Input material:
------------------------------------------------

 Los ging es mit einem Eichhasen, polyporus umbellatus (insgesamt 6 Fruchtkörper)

------------------------------------------------

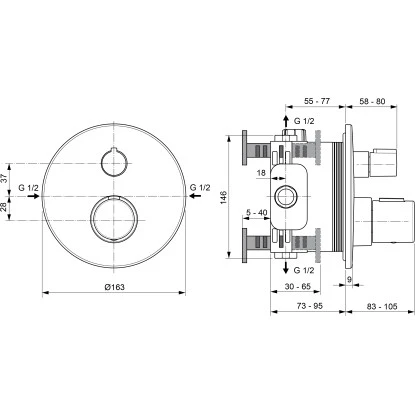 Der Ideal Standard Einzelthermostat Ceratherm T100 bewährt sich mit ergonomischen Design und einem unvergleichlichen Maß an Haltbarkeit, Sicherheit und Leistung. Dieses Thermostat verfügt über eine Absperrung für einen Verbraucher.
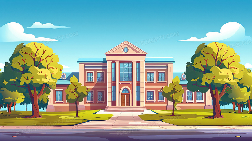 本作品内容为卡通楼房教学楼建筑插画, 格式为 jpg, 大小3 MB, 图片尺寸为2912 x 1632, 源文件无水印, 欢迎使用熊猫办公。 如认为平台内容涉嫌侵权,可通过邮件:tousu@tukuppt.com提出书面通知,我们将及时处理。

------------------------------------------------

What to do: Excluding any pictures, print exactly the lines of the listing above from the line with "Der Ideal Standard" to the line with "本作品内容为卡通楼房教学楼建筑插画, 格式为 jpg, 大小3", both ends included.

Answer below:
 Der Ideal Standard Einzelthermostat Ceratherm T100 bewährt sich mit ergonomischen Design und einem unvergleichlichen Maß an Haltbarkeit, Sicherheit und Leistung. Dieses Thermostat verfügt über eine Absperrung für einen Verbraucher.
 本作品内容为卡通楼房教学楼建筑插画, 格式为 jpg, 大小3 MB, 图片尺寸为2912 x 1632, 源文件无水印, 欢迎使用熊猫办公。 如认为平台内容涉嫌侵权,可通过邮件:tousu@tukuppt.com提出书面通知,我们将及时处理。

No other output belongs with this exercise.